= Dataset extract =

##########

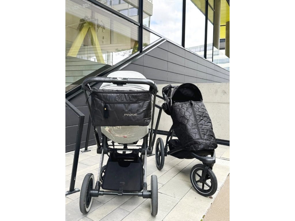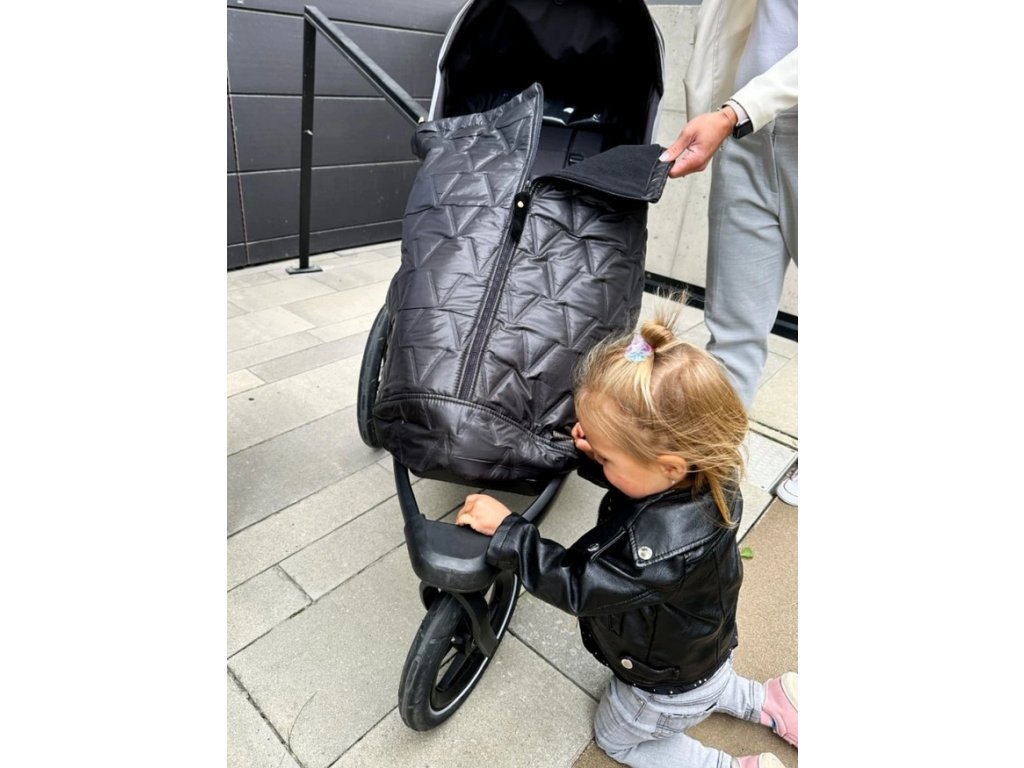 - přichycení nánožníku ke kočárku je řešeno popruhy a poutky ve třech úrovních, do kočárku tak nefouká
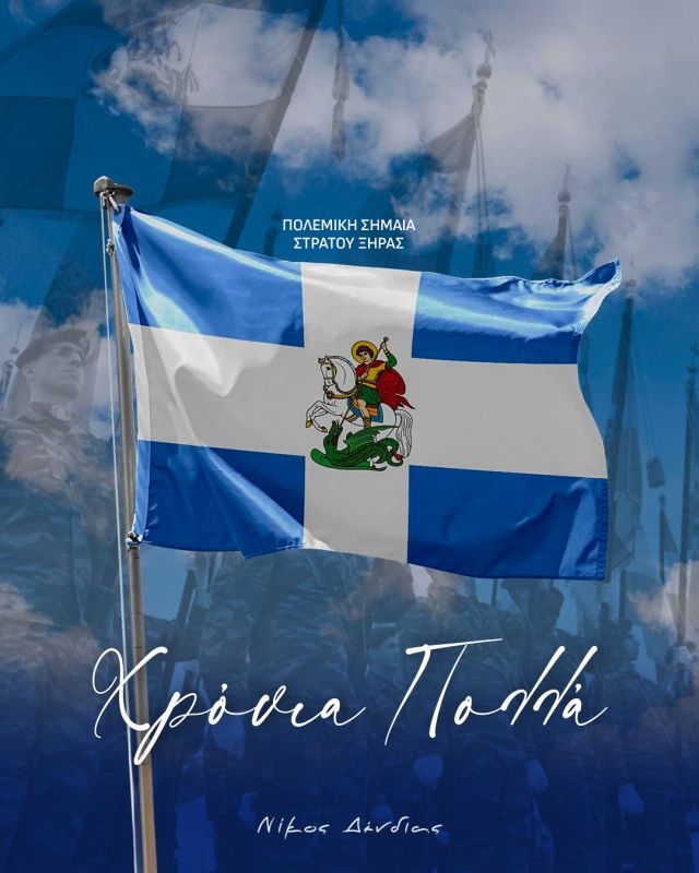 «Χρόνια πολλά στον Στρατό και το Πεζικό μας, για την εορτή του Προστάτη τους, Τροπαιοφόρου Αγίου Γεωργίου, όπως και σε όλες τις εορτάζουσες και τους εορτάζοντες».
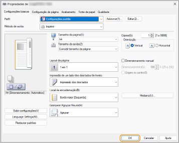 Especifique as programações de impressão conforme necessário e clique em [OK].

##########

= Your assignment =
Exact repetition of each line above is expected; images are to be omitted.

= Task solution =
 - přichycení nánožníku ke kočárku je řešeno popruhy a poutky ve třech úrovních, do kočárku tak nefouká
 «Χρόνια πολλά στον Στρατό και το Πεζικό μας, για την εορτή του Προστάτη τους, Τροπαιοφόρου Αγίου Γεωργίου, όπως και σε όλες τις εορτάζουσες και τους εορτάζοντες».
 Especifique as programações de impressão conforme necessário e clique em [OK].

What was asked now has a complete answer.